Closes the cluster of audit findings where gnoma's incognito promise — "no persistence, no learning, local-only routing" — silently broke because state was duplicated across the CLI flag, the firewall's IncognitoMode, the router's localOnly flag, and the TUI's local m.incognito field. After this PR, security.IncognitoMode is the canonical source of truth and the three downstream flags follow.

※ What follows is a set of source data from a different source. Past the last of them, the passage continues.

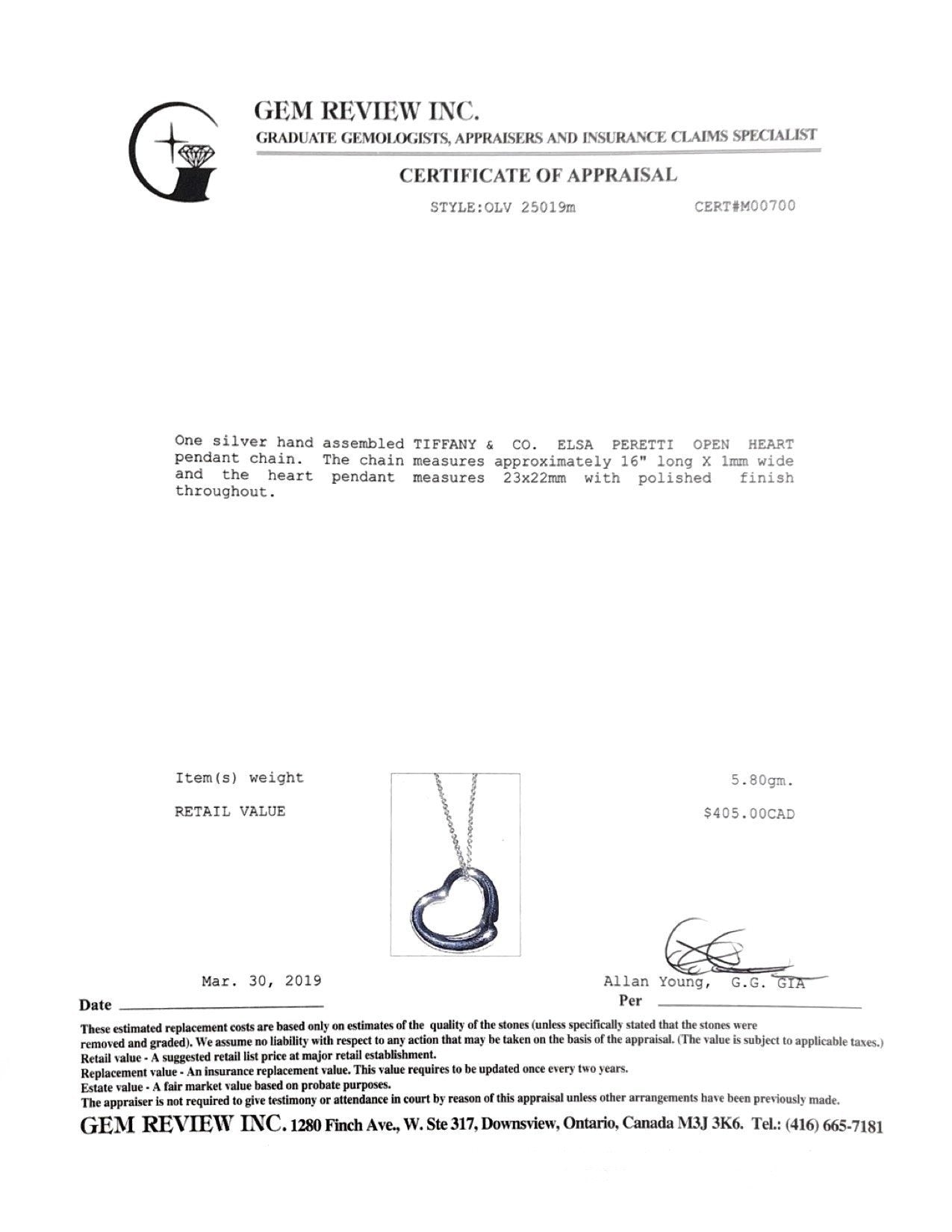 Tiffany & Co. Elsa Peretti Open Heart Pendant Necklace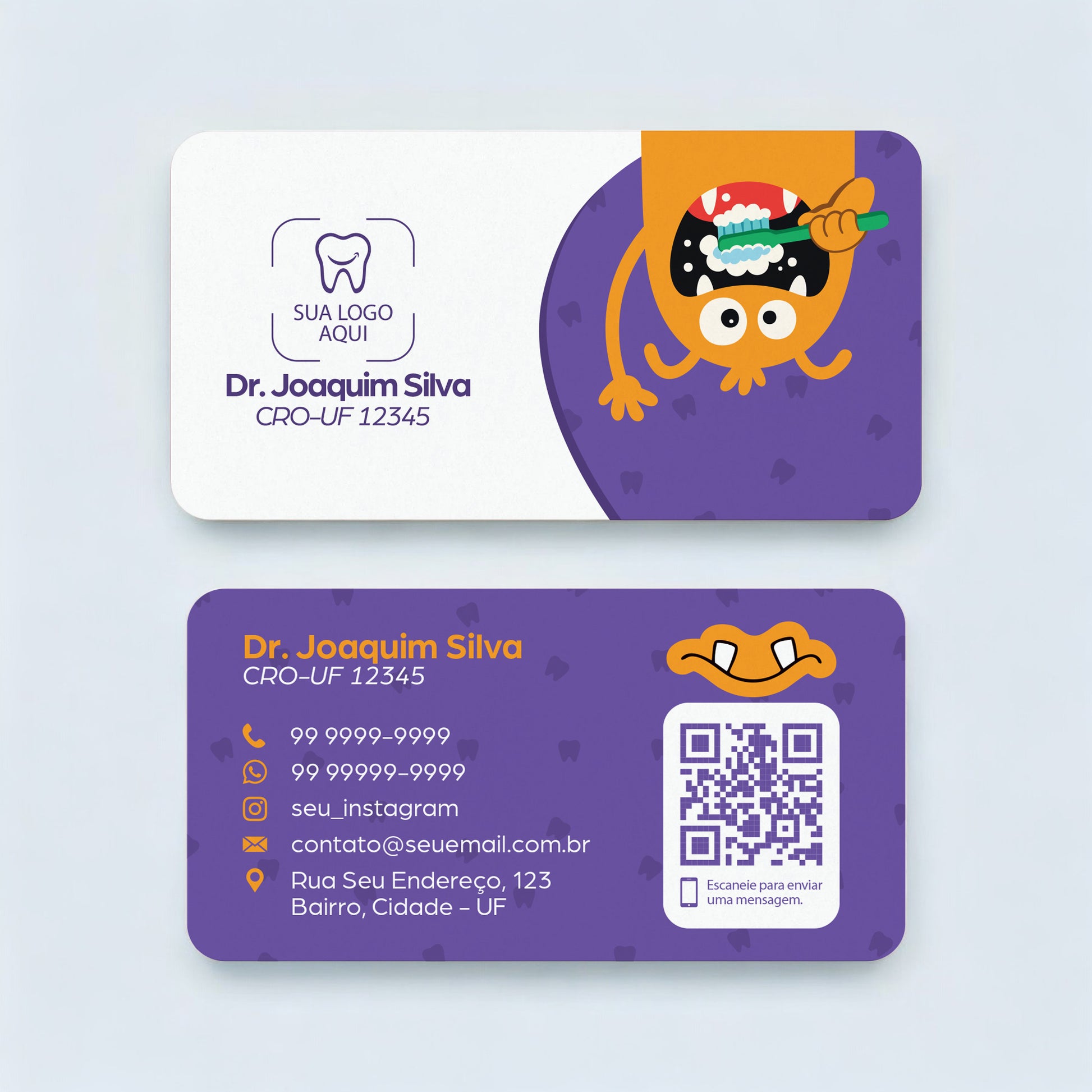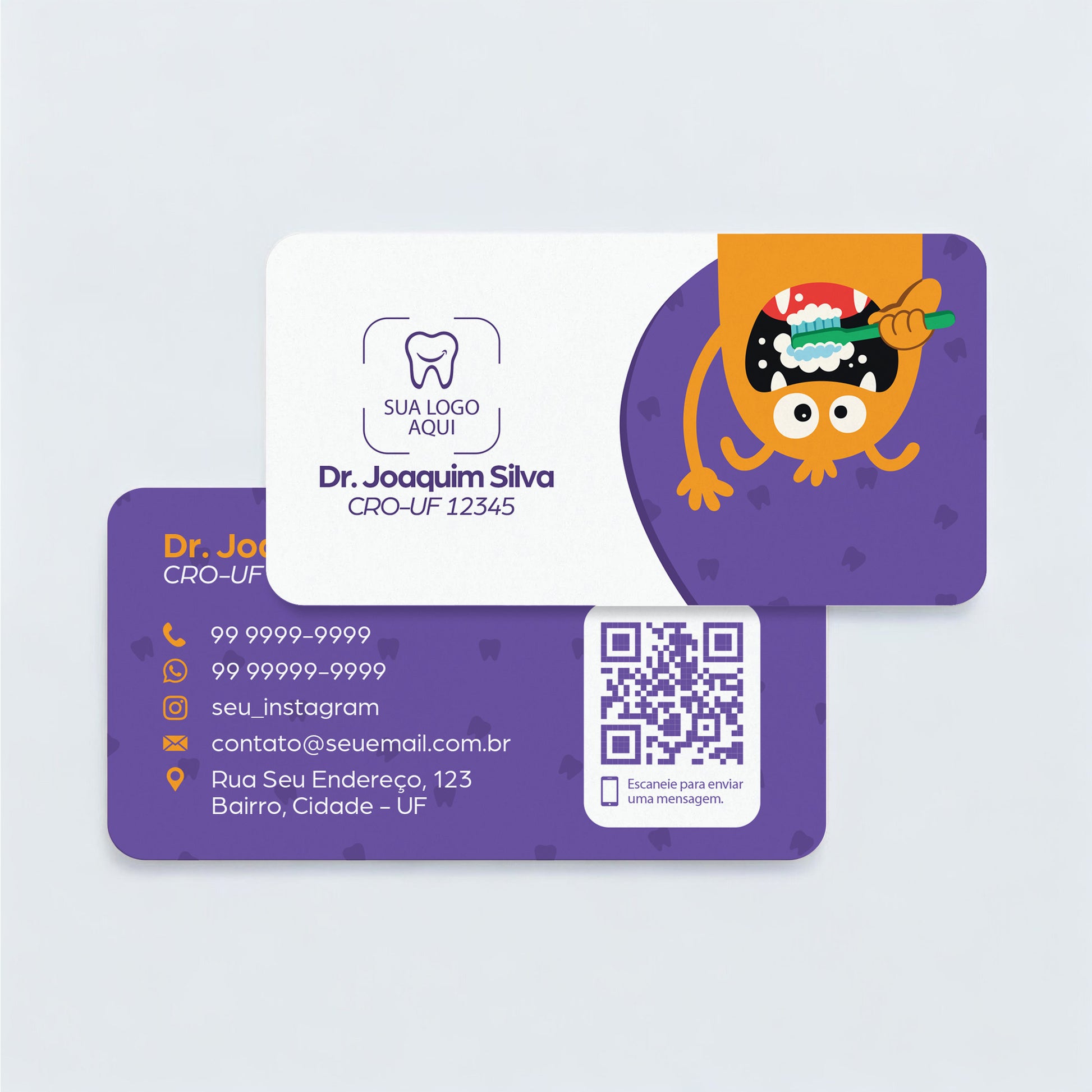 Cartão de Visita Odontológico com os quatro cantos arredondados, totalmente personalizável, produzido em papel couché 300g, com 8,5 cm de largura por 4,4 cm de altura, colorido frente e verso.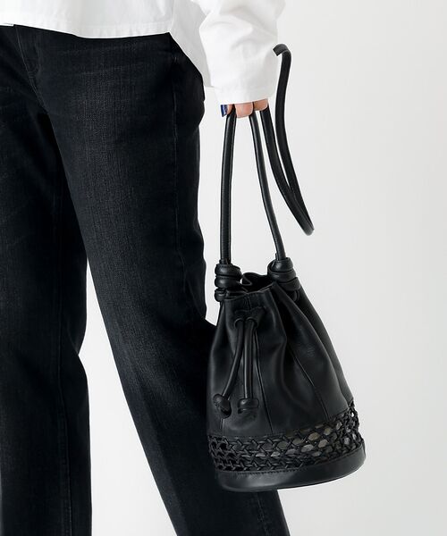 ・手編みのようなメッシュが印象的な巾着ショルダー。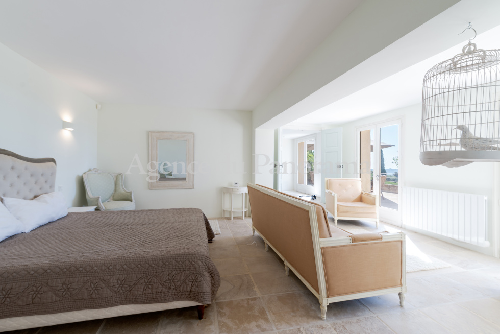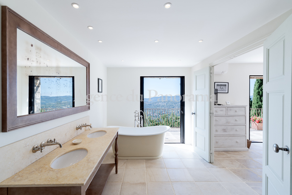 Bénéficiant d'une remarquable vue panoramique sur la baie de Cannes, le Massif de l'Estérel ainsi que sur le lac de Saint-Cassien, exceptionnelle propriété en pierre sèche luxueusement présentée et proposant de très beaux volumes extrêmement lumineux, répartis autour de 6 principales (260 m² habitables). La propriété se complète par une grande piscine chauffée se prolongeant par un superbe pool-house. Terrain clôturé et paysager de 2546 m². Propriété située au cœur d'un quartier ultra-résidentiel, l'ensemble à proximité immédiate du village.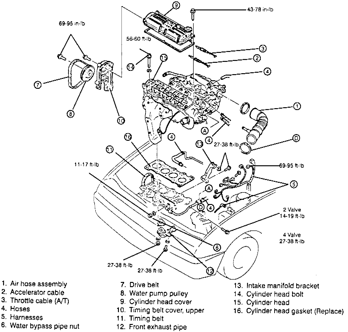 b. Disconnect distributor, oxygen sensor, fuel injector, throttle position sensor, idle speed control solenoid valve, ignition coil, engine coolant temperature sender and switch and engine ground cable.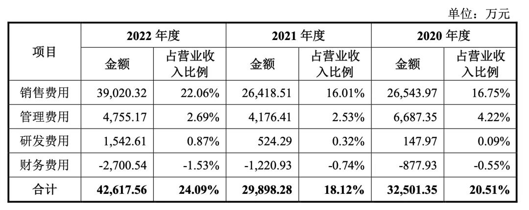 根據(jù)招股書,2020-2022年,敷爾佳研發(fā)投入分別為147.97萬元、524.29萬元及1542.61萬元,占營業(yè)收入的比例分別為0.09%、0.32%及0.87%。形成明顯對比的是,這三年敷爾佳的銷售費用分別為2.65億、2.64億、3.90億,銷售費用率分別為16.75%、16.01%、22.06%。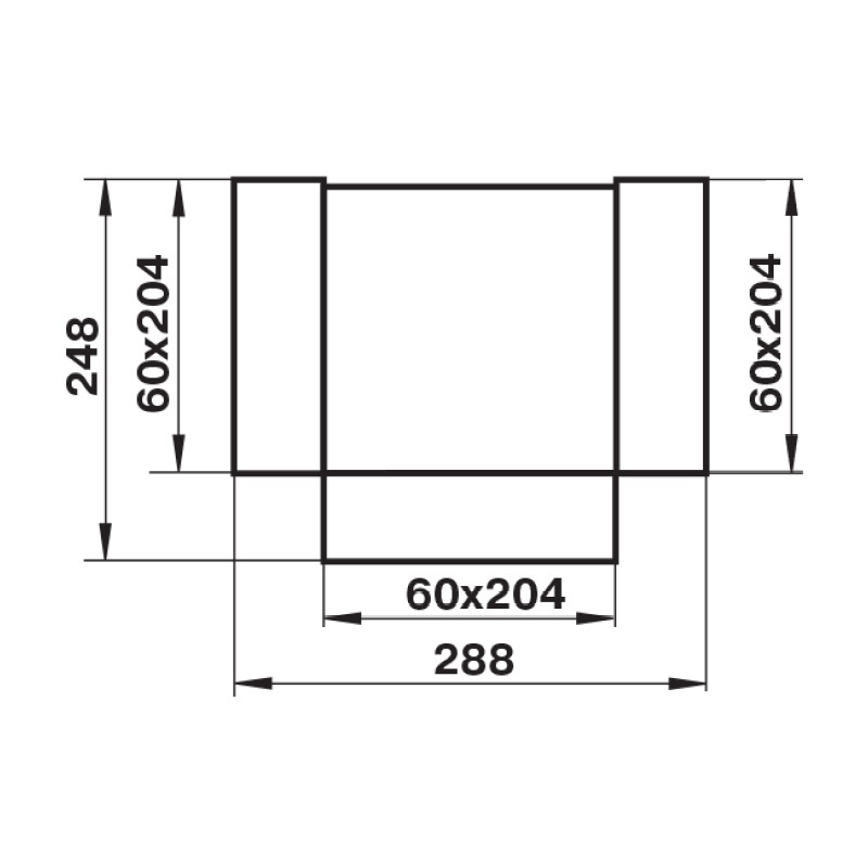 Предназначен для разделения потоков воздуха в системах вентиляции. Имеет три выхода для подсоединения плоских вентиляционных каналов с размерами 204х60 мм.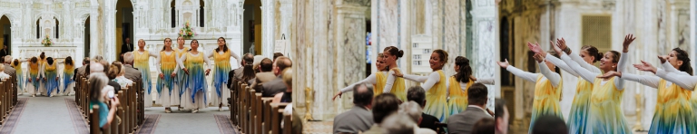 From the Shrine, we traveled to Our Lady of the Angels Parish in Catonsville for the ceremony. Like the rest of the wedding day, their ceremony had tons of personal touches. Their faith plays a large role in their lives, and they wished to have the ceremony reflect that. They even had several friends from the parish perform a wonderful celebration in dance!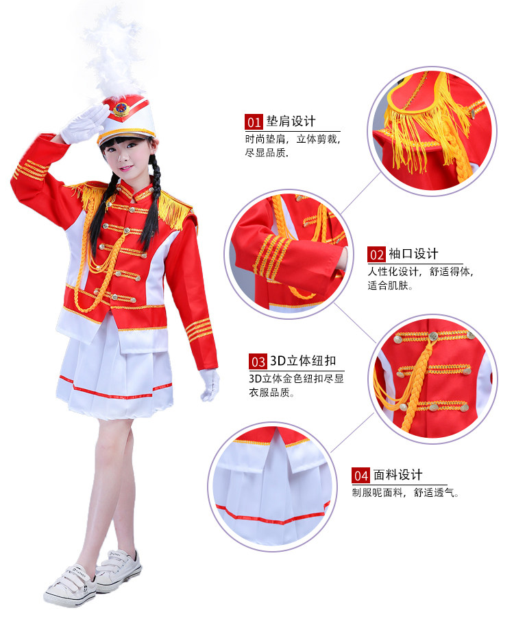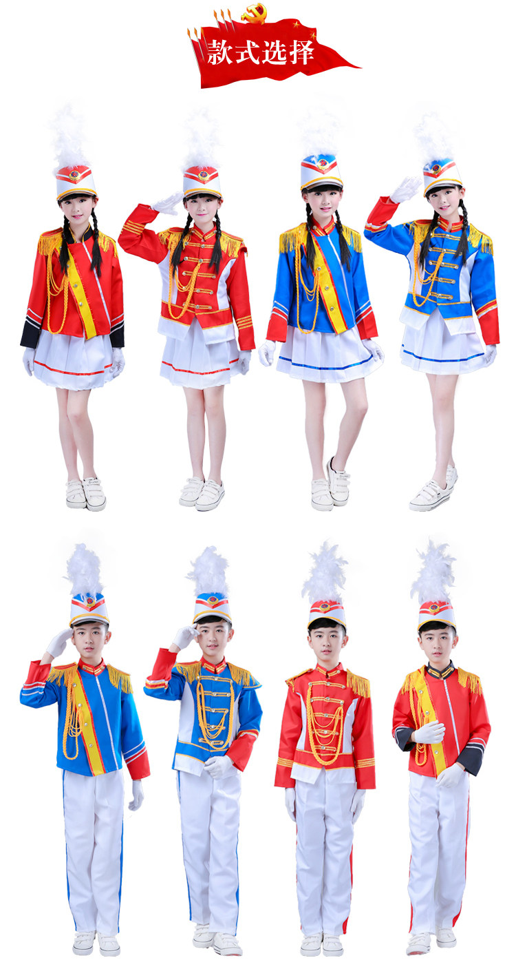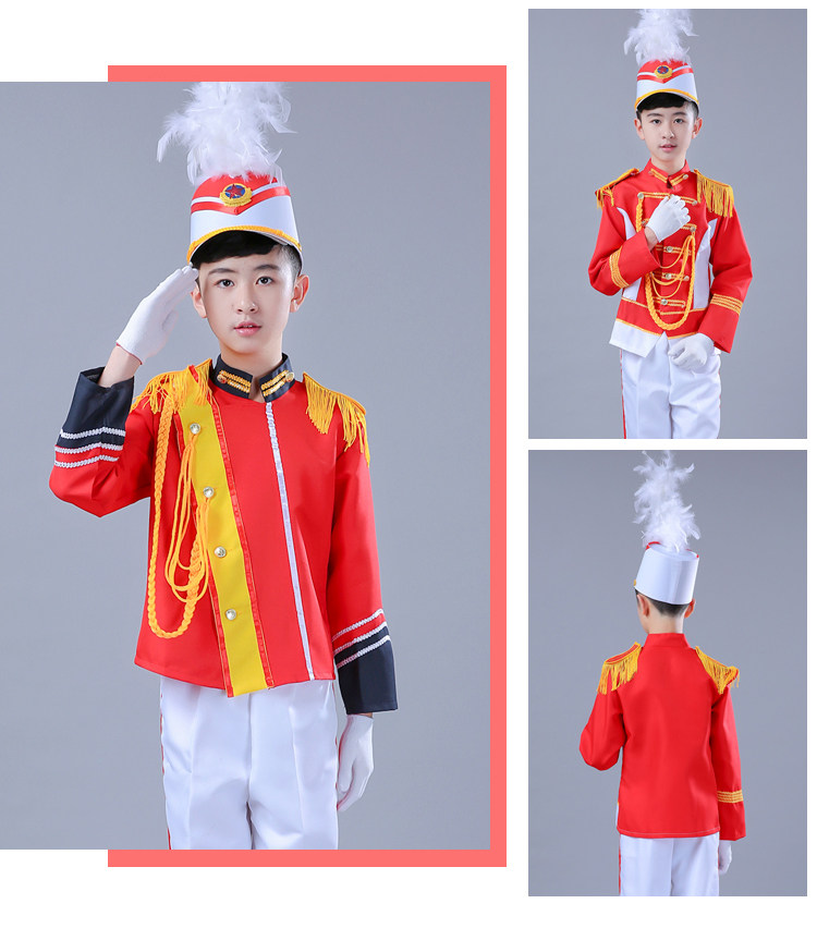 Бесплатная доставка по китаю Почетный гвардии военный оркестр, барабан, рожок, команда, студенческий костюм для выступления, костюм пионеров, флаг, протектор, костюм рейдера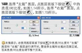 > 调整 > 亮度/对比度。参数设置如下图,再选择右翅同样执行亮度/对比度操作。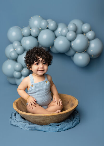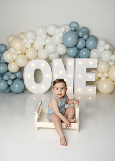 Jonah’s milestone session was such a fun celebration! The blue balloons and twinkling lights made a cool, festive backdrop, and the clean white setup with the big glowing number one was the perfect way to mark his first big milestone. It was all about capturing those joyful, playful moments that make this time so special.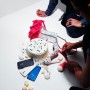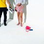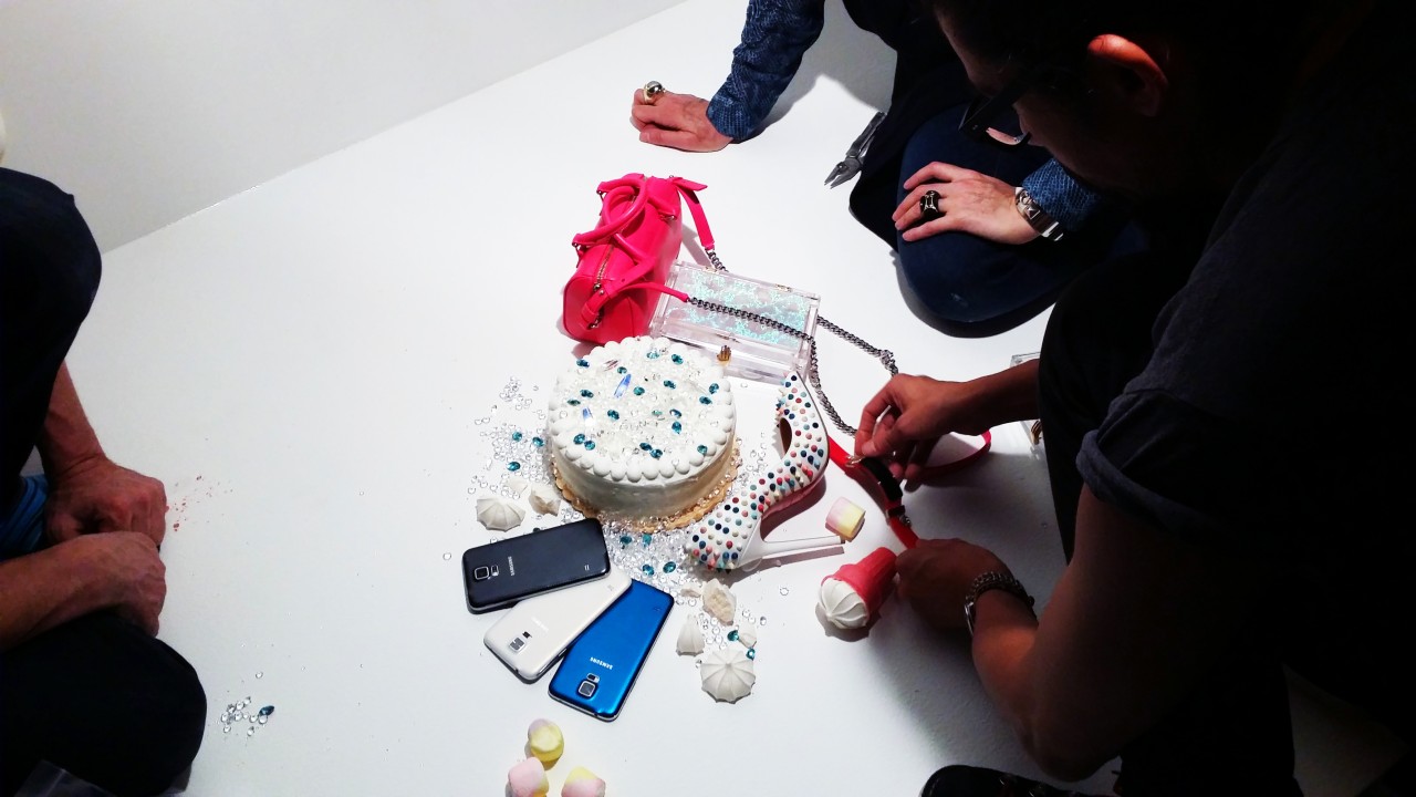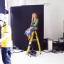 The scenes were positively energetic. Eliza bounced up and down the screen with big smiles and giggles while Sarah decorated her with watches, phones, rings, sunglasses and other colorful accessories. To demonstrate that the phones are water resistant the hairdresser sprayed Eliza from head to toe with water. They both survived. There was a silver bunny, real sponge cakes, painted backdrops and a million flashes. The fun didn’t let up for twelve hours!

Plan: docs/superpowers/plans/2026-05-19-security-wave2-incognito.md

Builds on Wave 1 (#1, merged) which closed the firewall-bypass call sites at the provider boundary.

What's fixed

  • W2-1 `Router.Select` rejects forced non-local arms when localOnly is on instead of silently routing to cloud under an "incognito" badge. `main` fails fast on `--incognito --provider `. The TUI toggle refuses with an actionable message when a non-local arm is pinned. Three duplicated toggle sites factored into `Model.attemptIncognitoToggle`.
  • W2-2 `persist.Store.Save` consults an `IncognitoGate` (local interface; `*security.IncognitoMode` satisfies it). Gate is consulted dynamically per call so TUI runtime toggles take effect. File mode 0o600, dir 0o700.
  • W2-3 `tui.New` seeds `m.incognito` from `cfg.Firewall.Incognito().Active()`. Fixes the Ctrl+X-on-launch-with-incognito case where the first toggle silently turned the firewall OFF.
  • W2-4 `saveQuality` gates on both the CLI flag (defensive, covers the pre-`fwRef.Set` window) and `fw.Incognito().ShouldLearn()` (catches TUI runtime toggles). Quality restore skipped under `--incognito`. `engine.reportOutcome` and `elf.Manager.ReportResult` both gated — bandit signal no longer leaks.
  • W2-5 session files 0o600 in dirs 0o700 (was 0o644 / 0o755).
  • W2-6 dead `IncognitoMode.LocalOnly` field removed.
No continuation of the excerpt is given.